INFO 2021-02-03 13:24:41,788 main Queueing file_00_5.csv.
Execution of job "SchedulerService.check_inbox_dir (trigger: interval[0:00:05], next run at: 2021-02-03 13:24:43 CET)" skipped: maximum number of running instances reached (1)
INFO 2021-02-03 13:24:43,791 main Queueing file_00_1.csv.
INFO 2021-02-03 13:24:45,794 main Queueing file_00_0.csv.
INFO 2021-02-03 13:24:47,795 main Queueing file_00_2.csv.
Execution of job "SchedulerService.check_inbox_dir (trigger: interval[0:00:05], next run at: 2021-02-03 13:24:48 CET)" skipped: maximum number of running instances reached (1)
INFO 2021-02-03 13:24:49,797 main Queueing file_00_3.csv.
INFO 2021-02-03 13:24:51,800 main Queueing file_00_8.csv.
INFO 2021-02-03 13:24:51,800 main I checked all the files in the inbox directory.
INFO 2021-02-03 13:24:51,801 main I'm going to process file_00_7.csv...
INFO 2021-02-03 13:24:51,801 main I'm going to process file_00_6.csv...
INFO 2021-02-03 13:24:51,802 main I'm going to process file_00_4.csv...
INFO 2021-02-03 13:24:51,815 main File file_00_6.csv has been processed in 2 seconds.
INFO 2021-02-03 13:24:51,815 main I'm going to process file_00_5.csv...
INFO 2021-02-03 13:24:51,817 main File file_00_7.csv has been processed in 2 seconds.
INFO 2021-02-03 13:24:51,817 main I'm going to process file_00_1.csv...
INFO 2021-02-03 13:24:51,817 main File file_00_4.csv has been processed in 2 seconds.
INFO 2021-02-03 13:24:51,817 main I'm going to process file_00_0.csv...
INFO 2021-02-03 13:24:51,821 main File file_00_5.csv has been processed in 2 seconds.
INFO 2021-02-03 13:24:51,822 main I'm going to process file_00_2.csv...
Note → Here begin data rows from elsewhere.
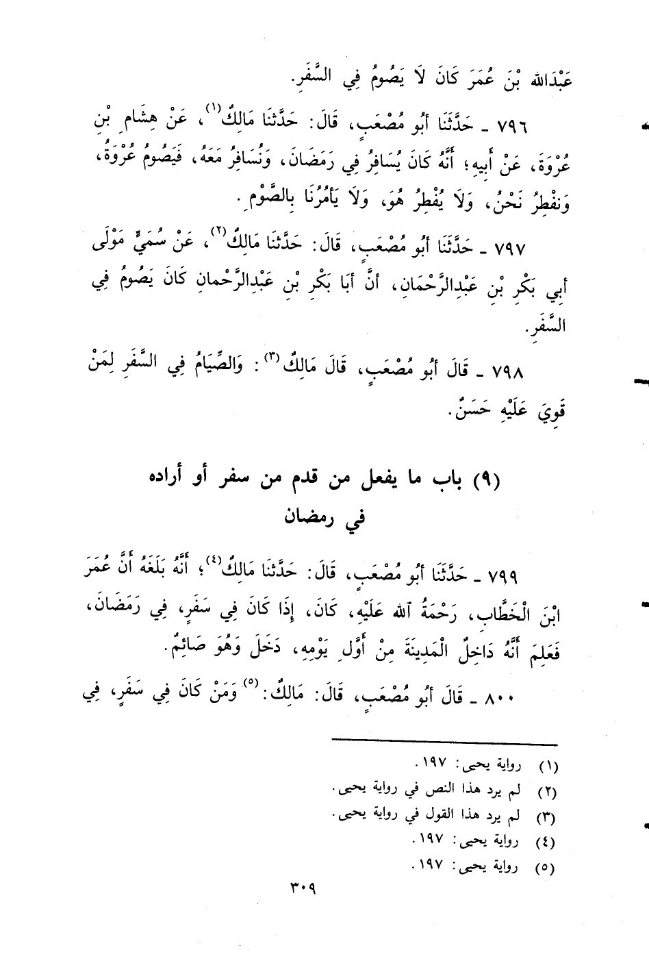 ٧٩٦ - حَدَّثَنَا أَبُو مُصْعَبٍ، قَالَ: حَدَّثَنَا مَالِكٌ، عَنْ هِشَامِ بْنِ عُرْوَةَ، عَنْ أَبِيهِ , أَنَّهُ كَانَ يُسَافِرُ فِي رَمَضَانَ، وَنُسَافِرُ مَعَهُ، فَيَصُومُ عُرْوَةُ , وَنُفْطِرُ نَحْنُ ,ولا يفطر هو, ولَا يَأْمُرُنَا بِالصِّومِ.
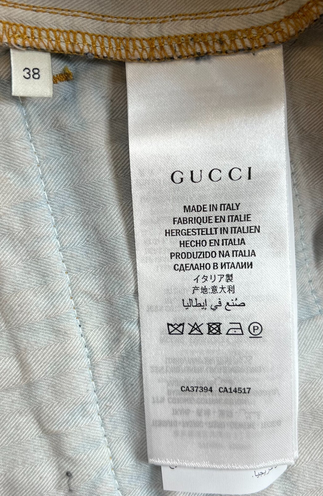 как выглядит Gucci Mens Dark Blue Denim Chino Pants with Red Logo Embroidery 38 515969 4469 фото
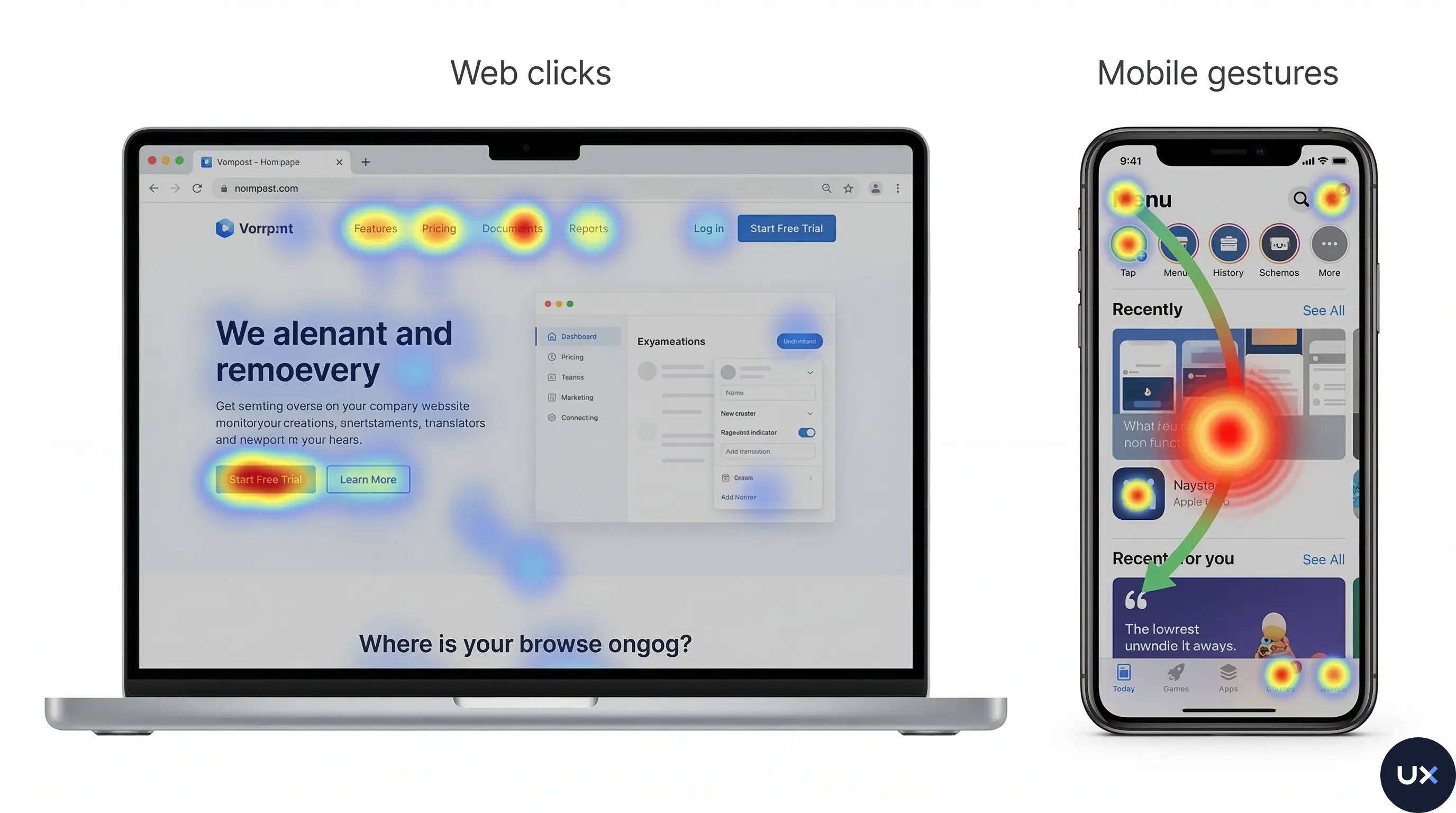 On mobile, they track finger touches on a native rendering surface. The data is richer: you see gestures that have no web equivalent, like multi-touch pinches or swipe abandonment.
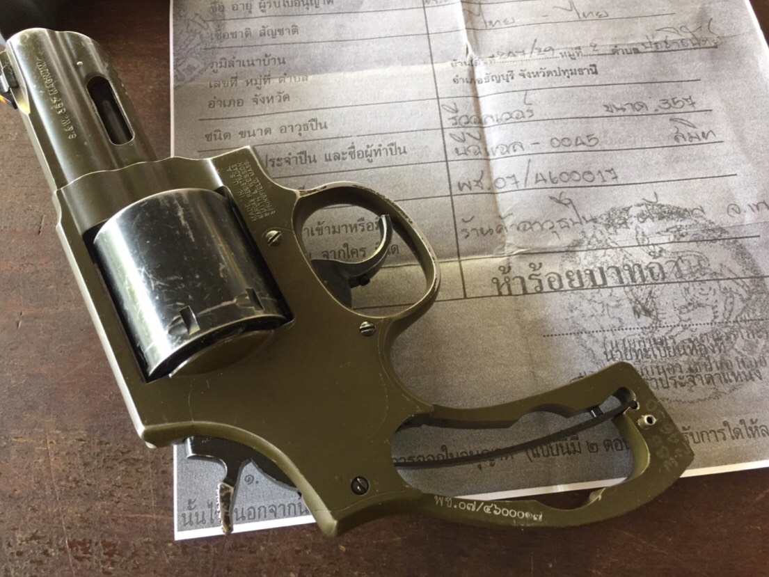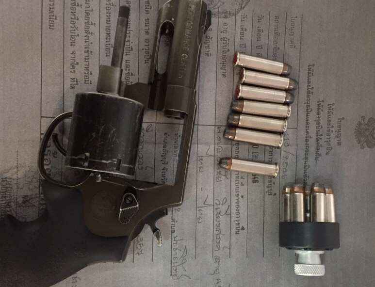 จับกุม บริเวณด่านตรวจบ้านแก่งปันเต๊า (ในเขตเทศบาล ต.แม่นะ)ม.10 ต.แม่นะ อ.เชียงดาว จ.เชียงใหม่ ต่อเนื่องโรงพยาบาลเชียงดาว อ.เชียงดาว จ.เชียงใหม่ ได้เรียกตรวจรถจักรยานยนต์ ขับขี่ผ่ามาจากอำเภอเชียงดาวมุ่งหน้าไปทางอำเภอแม่แตง พบผู้ต้องหาเป็นคนขับขี่รถจักรยานยนต์ถคันดังกล่าวมีอาการมีพิรุธ ผลตรวจค้นพบ อาวุธปืนพกสั้นแบบลูกโม่ ขนาด .357 นิ้ว ยี่ห้อ สมิทฯสีดำ โดยมีลูกกระสุนปืนบรรจุอยู่ในลูกโม่จำนวน 7 นัด และบรรจุอยู่ในอุปกรณ์ช่วยบรรจุกระสุน(สปีดโหลดเดอร์)อีกจำนวน 7 นัด ทั้งหมดอยู่ในกระเป๋าสีดำแดงที่ผู้ต้องหาเก็บไว้ในกล่องที่เก็บของท้ายรถจักรยานยนต์ที่ผู้ต้องหาขับขี่มาและรับว่าก่อนหน้านี้ตนได้เสพกัญชามาจำนวนหนึ่ง จึงนำตัวส่ง พงส.ฯ สภ.เชียงดาว เพื่อดำเนินการต่อไป
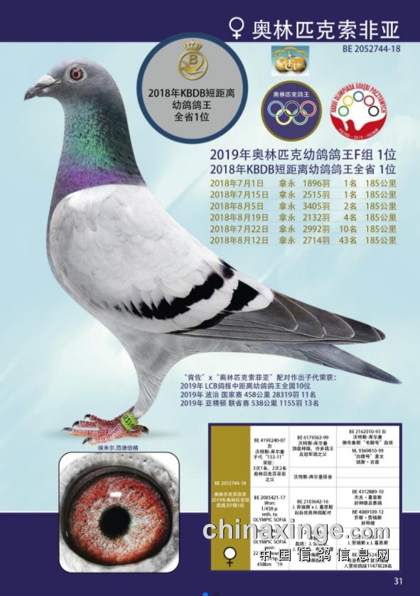 “奥林匹克索菲亚”获得2019年奥林匹克F组幼鸽鸽王冠军,2018年KBDB短距离幼鸽鸽王全省冠军。
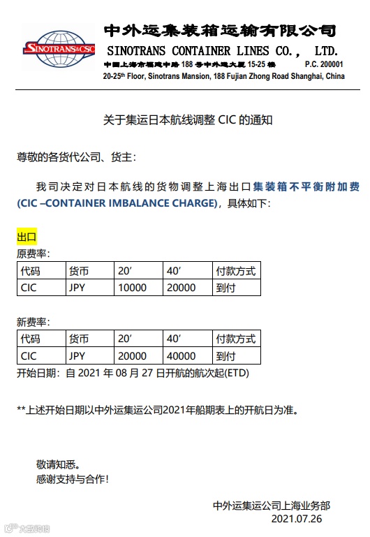 生效日期:2021年9月1日 (目的港卸船日)。适用于所有报价和柜型。

INFO 2021-02-03 13:24:51,823 main File file_00_0.csv has been processed in 2 seconds.
INFO 2021-02-03 13:24:51,823 main I'm going to process file_00_3.csv...
INFO 2021-02-03 13:24:51,824 main File file_00_1.csv has been processed in 2 seconds.
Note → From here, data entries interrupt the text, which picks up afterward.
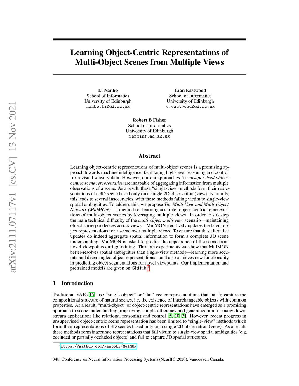 Learning Object-Centric Representations of Multi-Object Scenes from
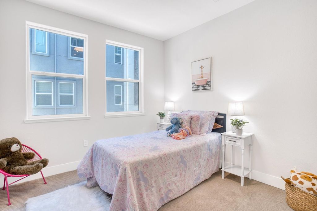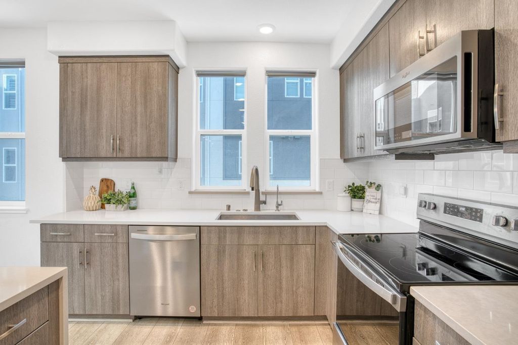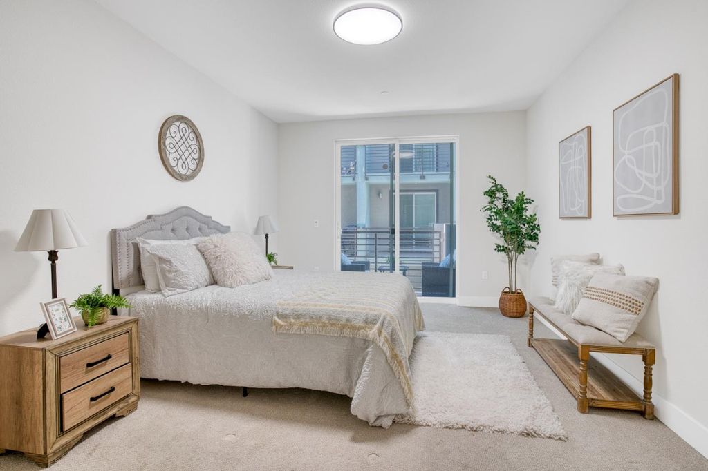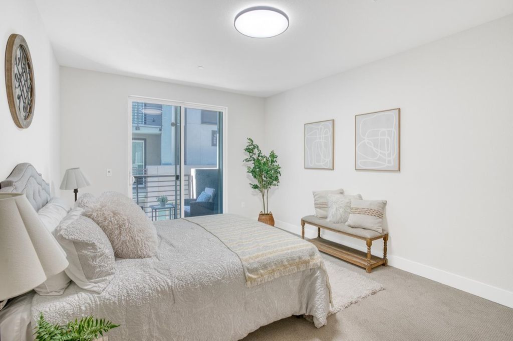 Welcome to this bright and open 2-story end-unit Townhouse style condo, just three years new and ideally located near Santana Row with quick access to major highways for an easy commute. Offering 1,661 sq ft of well-planned space, the open living and dining areas are filled with natural light and complemented by stylish flooring throughout. The spacious kitchen flows seamlessly for everyday living and entertaining. All three bedrooms and two full bathrooms are conveniently located on the same level, along with an integrated laundry area. Central AC and forced air heating provide year-round comfort, while a one-car garage offers secure parking and storage.
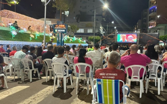 Foi realizado neste domingo (7) o Cinema na Praça, em frente ao prédio da Prefeitura de Seara, como parte da programação Sonho de Natal. A exibição do filme Caramelo em um telão montado especialmente para a noite emocionou crianças e adultos com a história de amizade, superação e afeto entre Pedro e o vira-lata Amendoim, prendendo a atenção do público do início ao fim.

INFO 2021-02-03 13:24:51,824 main I'm going to process file_00_8.csv...
INFO 2021-02-03 13:24:51,828 main File file_00_2.csv has been processed in 2 seconds.
INFO 2021-02-03 13:24:51,830 main File file_00_3.csv has been processed in 2 seconds.
INFO 2021-02-03 13:24:51,831 main File file_00_8.csv has been processed in 2 seconds.
INFO 2021-02-03 13:24:53,776 main I'm checking the inbox dir for files to process.
INFO 2021-02-03 13:24:53,776 main I checked all the files in the inbox directory.
INFO 2021-02-03 13:24:58,776 main I'm checking the inbox dir for files to process.
INFO 2021-02-03 13:24:58,776 main I checked all the files in the inbox directory.
INFO 2021-02-03 13:25:03,779 main I'm checking the inbox dir for files to process.
INFO 2021-02-03 13:25:03,779 main I checked all the files in the inbox directory.
^CINFO:     Shutting down
INFO:     Waiting for application shutdown.
INFO:     Application shutdown complete.

The asyncio.sleep(2) in the scheduled job makes the APScheduler hold on the next interval, as the previous job didn't finish yet. And we want only 1 instance of this job: max_instances=1.